Configuration Parameters Explained
GPU Resource Allocation
LLMVoX uses a multi-queue approach with two TTS model replicas. You can specify which GPUs to use:
# Run TTS models on separate GPUs
python streaming_server.py --chat_type voice --llm_checkpoint "meta-llama/Llama-3.1-8B-Instruct" --tts_device_1 1 --tts_device_2 2
# Or run both on the same GPU (if memory allows)
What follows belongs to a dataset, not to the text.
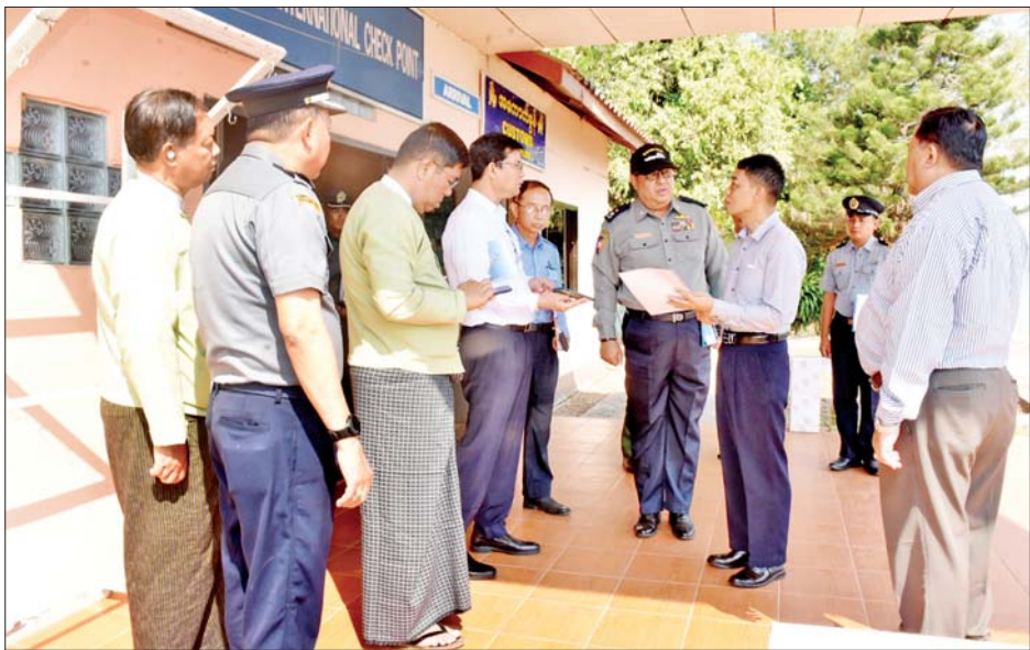
ကျိုင်းလပ်(မြန်မာ)-ကျိုင်းခတ်(လာအို) ချစ်ကြည်ရေးတံတားကို အသုံးပြု၍ မြန်မာ-လာအိုနှစ်နိုင်ငံ နယ်စပ်ကုန်သွယ်မှု ဖွံ့ဖြိုးတိုးတက်ရေးနှင့် တစ်ဆင့်ခံ ဖြတ်သန်းကုန်သွယ်မှု (Transit Trade) တိုးတက် ဖြစ်ထွန်းရေးတို့အတွက် ဌာနဆိုင်ရာဝန်ထမ်းများ အနေဖြင့် ဒေသရှိတိုင်းရင်းသား ပို့ကုန်သွင်းကုန် လုပ်ငန်းရှင်များနှင့် ပေါင်းစပ်ညှိနှိုင်းဆောင်ရွက်ကြ ရန် မှာကြားခဲ့ကြောင်း သိရသည်။ သတင်းစဉ်

ခြင်းများမရှိစေရေး အလေးထားဆောင်ရွက်ရန်တို့ကို မှာကြားသည်။ မွန်းလွဲပိုင်းတွင် ပြည်ထောင်စုဝန်ကြီးသည် မဲခေါင်အပြည်ပြည်ဆိုင်ရာ မြစ်တွင်းဆိပ်ကမ်း(ဝမ်ပုံ) ၌ တာဝန်ရှိသူများနှင့်တွေ့ဆုံပြီး မဲခေါင်မြစ်မှ သယ်ဆောင်လာသည့် ကုန်ပစ္စည်းကို စစ်ဆေးရာ၌ ကြန့်ကြာမှုမရှိစေရေးနှင့် မှန်ကန်သည့်ကုန်သွယ်မှု ဖြစ်စေရေး အလေးထားဆောင်ရွက်ရန်၊ ရေရှည် ဖွံ့ဖြိုးတိုးတက်အောင် ဆောင်ရွက်ရန်တို့ကိုမှာကြားကာ ကုန်သွယ်မှုလုပ်ငန်းများ ဆောင်ရွက်နေမှုကို ကြည့်ရှုစစ်ဆေးသည်။ ညနေပိုင်းတွင် ပြည်ထောင်စုဝန်ကြီးသည် အဖွဲ့ဝင်များနှင့်အတူ ကျိုင်းလပ်ကုန်သွယ်ရေးစခန်းနှင့် မြန်မာ-လာအို ချစ်ကြည်ရေးတံတားရှိ Border Control Facility (BCF) ဂိတ်၌ ကုန်သွယ်မှုလုပ်ငန်းများ ဆောင်ရွက်နေမှုကို ကြည့်ရှုစစ်ဆေးပြီး

python streaming_server.py --chat_type voice --llm_checkpoint "meta-llama/Llama-3.1-8B-Instruct" --tts_device_1 0 --tts_device_2 0
# Specify GPU for LLM separately
python streaming_server.py --chat_type voice --llm_checkpoint "meta-llama/Llama-3.1-8B-Instruct" --llm_device "cuda:0" --tts_device_1 1 --tts_device_2 2
Streaming Chunk Size Parameters
Control the balance between latency and quality:
# Lower latency setup (faster initial response but potentially lower quality)
python streaming_server.py --chat_type voice --llm_checkpoint "meta-llama/Llama-3.1-8B-Instruct" --initial_dump_size_1 5 --initial_dump_size_2 40 --max_dump_size 320
# Higher quality setup (slightly higher latency but better speech)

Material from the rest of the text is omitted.